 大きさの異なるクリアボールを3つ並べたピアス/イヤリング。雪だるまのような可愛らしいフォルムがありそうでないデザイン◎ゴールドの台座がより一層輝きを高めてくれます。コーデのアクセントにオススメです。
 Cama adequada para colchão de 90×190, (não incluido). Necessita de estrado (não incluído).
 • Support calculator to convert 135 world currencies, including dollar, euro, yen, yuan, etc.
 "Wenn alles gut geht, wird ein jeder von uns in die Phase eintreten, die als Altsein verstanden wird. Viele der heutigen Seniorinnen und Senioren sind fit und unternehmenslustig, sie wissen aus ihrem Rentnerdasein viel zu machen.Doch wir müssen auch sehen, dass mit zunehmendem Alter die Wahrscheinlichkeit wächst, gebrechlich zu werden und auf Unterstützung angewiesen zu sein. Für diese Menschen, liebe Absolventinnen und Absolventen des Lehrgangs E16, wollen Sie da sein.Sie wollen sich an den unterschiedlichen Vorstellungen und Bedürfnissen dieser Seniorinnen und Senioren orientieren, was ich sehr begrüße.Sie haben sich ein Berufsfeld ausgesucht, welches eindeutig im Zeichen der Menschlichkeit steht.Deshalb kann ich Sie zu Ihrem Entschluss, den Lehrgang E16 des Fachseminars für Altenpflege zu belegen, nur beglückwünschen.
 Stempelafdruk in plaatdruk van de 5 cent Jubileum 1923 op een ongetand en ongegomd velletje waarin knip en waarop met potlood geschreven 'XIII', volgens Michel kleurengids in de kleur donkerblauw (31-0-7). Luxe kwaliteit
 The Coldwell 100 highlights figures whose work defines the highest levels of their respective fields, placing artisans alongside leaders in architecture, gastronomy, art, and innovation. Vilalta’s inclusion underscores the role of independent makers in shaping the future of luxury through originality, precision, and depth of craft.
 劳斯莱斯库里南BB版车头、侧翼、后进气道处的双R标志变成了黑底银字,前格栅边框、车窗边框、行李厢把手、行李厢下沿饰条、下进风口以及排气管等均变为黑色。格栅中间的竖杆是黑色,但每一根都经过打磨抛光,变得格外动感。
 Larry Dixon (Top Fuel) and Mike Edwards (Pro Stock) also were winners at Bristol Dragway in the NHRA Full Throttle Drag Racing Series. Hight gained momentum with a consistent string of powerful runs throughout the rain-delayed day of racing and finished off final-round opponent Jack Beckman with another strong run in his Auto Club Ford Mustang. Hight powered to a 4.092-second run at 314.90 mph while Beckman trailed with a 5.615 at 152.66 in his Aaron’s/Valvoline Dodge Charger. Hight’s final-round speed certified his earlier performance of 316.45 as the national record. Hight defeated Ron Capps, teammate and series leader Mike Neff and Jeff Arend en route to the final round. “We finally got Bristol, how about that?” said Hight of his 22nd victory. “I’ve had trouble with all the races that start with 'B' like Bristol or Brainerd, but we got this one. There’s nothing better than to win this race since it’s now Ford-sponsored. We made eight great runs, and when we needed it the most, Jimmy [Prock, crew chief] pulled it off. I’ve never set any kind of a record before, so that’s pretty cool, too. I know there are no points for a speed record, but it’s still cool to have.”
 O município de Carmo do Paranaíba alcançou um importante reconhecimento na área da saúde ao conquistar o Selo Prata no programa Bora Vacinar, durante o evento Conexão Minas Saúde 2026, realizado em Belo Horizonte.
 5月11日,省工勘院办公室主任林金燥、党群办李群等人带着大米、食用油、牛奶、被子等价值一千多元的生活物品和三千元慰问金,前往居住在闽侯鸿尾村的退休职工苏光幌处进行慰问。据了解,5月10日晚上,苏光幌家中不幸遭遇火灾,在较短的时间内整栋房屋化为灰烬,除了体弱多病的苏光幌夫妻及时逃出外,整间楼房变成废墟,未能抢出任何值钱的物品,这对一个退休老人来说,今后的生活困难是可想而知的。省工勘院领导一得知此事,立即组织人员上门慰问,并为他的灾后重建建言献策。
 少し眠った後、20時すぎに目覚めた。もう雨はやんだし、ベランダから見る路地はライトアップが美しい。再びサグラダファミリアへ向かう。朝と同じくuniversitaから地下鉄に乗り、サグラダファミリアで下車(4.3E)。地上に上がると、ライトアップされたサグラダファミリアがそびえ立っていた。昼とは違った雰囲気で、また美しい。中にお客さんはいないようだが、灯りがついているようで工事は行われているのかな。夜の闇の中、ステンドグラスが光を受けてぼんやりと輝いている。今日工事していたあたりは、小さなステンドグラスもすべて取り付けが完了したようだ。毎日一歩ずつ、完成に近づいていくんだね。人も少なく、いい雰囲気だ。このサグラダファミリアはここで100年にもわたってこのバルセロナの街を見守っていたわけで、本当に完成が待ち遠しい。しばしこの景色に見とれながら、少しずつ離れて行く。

...

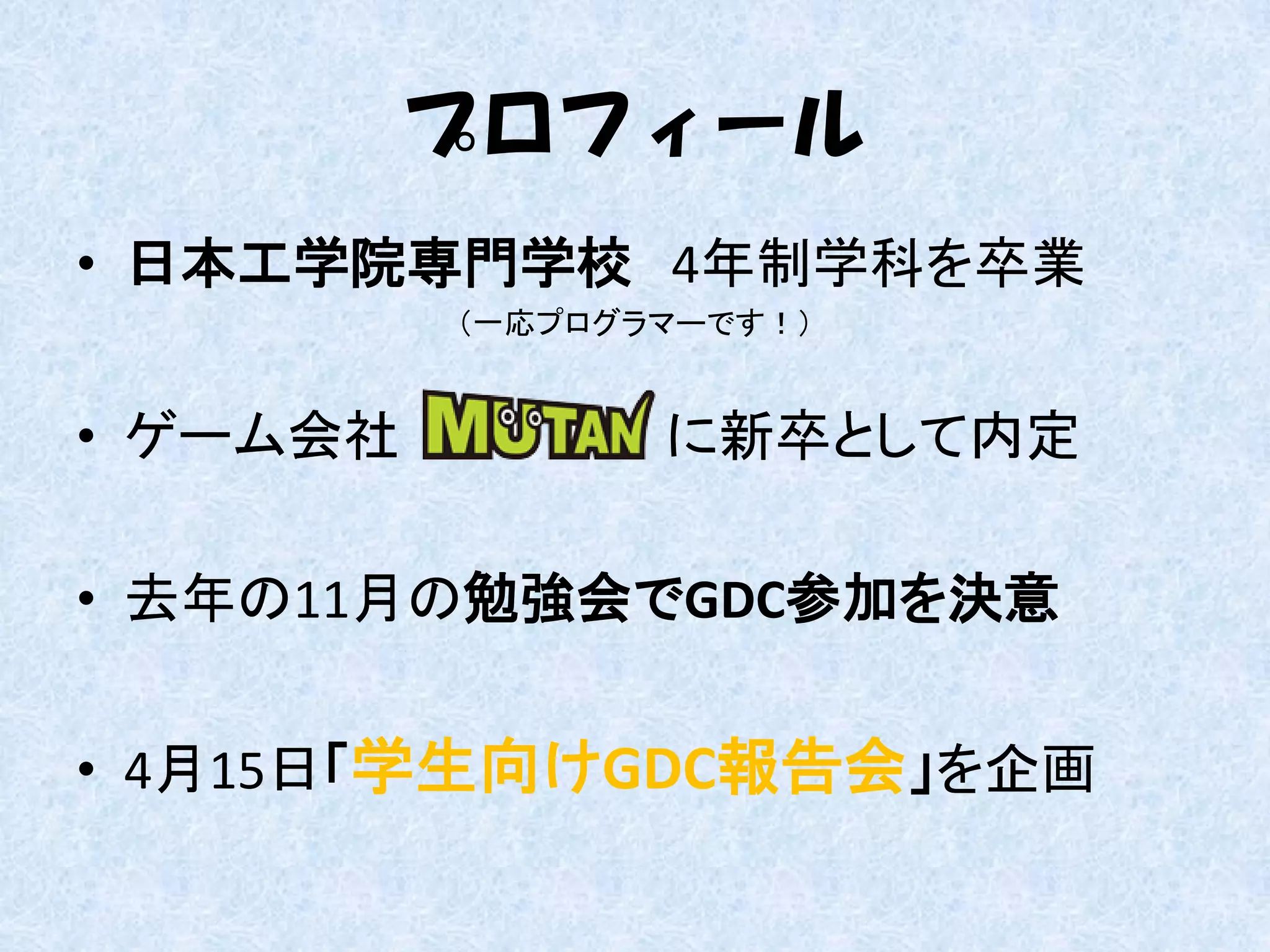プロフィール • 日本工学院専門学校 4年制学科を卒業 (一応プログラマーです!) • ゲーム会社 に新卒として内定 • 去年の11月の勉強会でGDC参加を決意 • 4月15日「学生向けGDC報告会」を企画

> **What to work on**: Using the data above, repeat exactly the lines that begin at the line with "O município de" and end at the line with "少し眠った後、20時すぎに目", both ends included.

> **Expected output**:
 O município de Carmo do Paranaíba alcançou um importante reconhecimento na área da saúde ao conquistar o Selo Prata no programa Bora Vacinar, durante o evento Conexão Minas Saúde 2026, realizado em Belo Horizonte.
 5月11日,省工勘院办公室主任林金燥、党群办李群等人带着大米、食用油、牛奶、被子等价值一千多元的生活物品和三千元慰问金,前往居住在闽侯鸿尾村的退休职工苏光幌处进行慰问。据了解,5月10日晚上,苏光幌家中不幸遭遇火灾,在较短的时间内整栋房屋化为灰烬,除了体弱多病的苏光幌夫妻及时逃出外,整间楼房变成废墟,未能抢出任何值钱的物品,这对一个退休老人来说,今后的生活困难是可想而知的。省工勘院领导一得知此事,立即组织人员上门慰问,并为他的灾后重建建言献策。
 少し眠った後、20時すぎに目覚めた。もう雨はやんだし、ベランダから見る路地はライトアップが美しい。再びサグラダファミリアへ向かう。朝と同じくuniversitaから地下鉄に乗り、サグラダファミリアで下車(4.3E)。地上に上がると、ライトアップされたサグラダファミリアがそびえ立っていた。昼とは違った雰囲気で、また美しい。中にお客さんはいないようだが、灯りがついているようで工事は行われているのかな。夜の闇の中、ステンドグラスが光を受けてぼんやりと輝いている。今日工事していたあたりは、小さなステンドグラスもすべて取り付けが完了したようだ。毎日一歩ずつ、完成に近づいていくんだね。人も少なく、いい雰囲気だ。このサグラダファミリアはここで100年にもわたってこのバルセロナの街を見守っていたわけで、本当に完成が待ち遠しい。しばしこの景色に見とれながら、少しずつ離れて行く。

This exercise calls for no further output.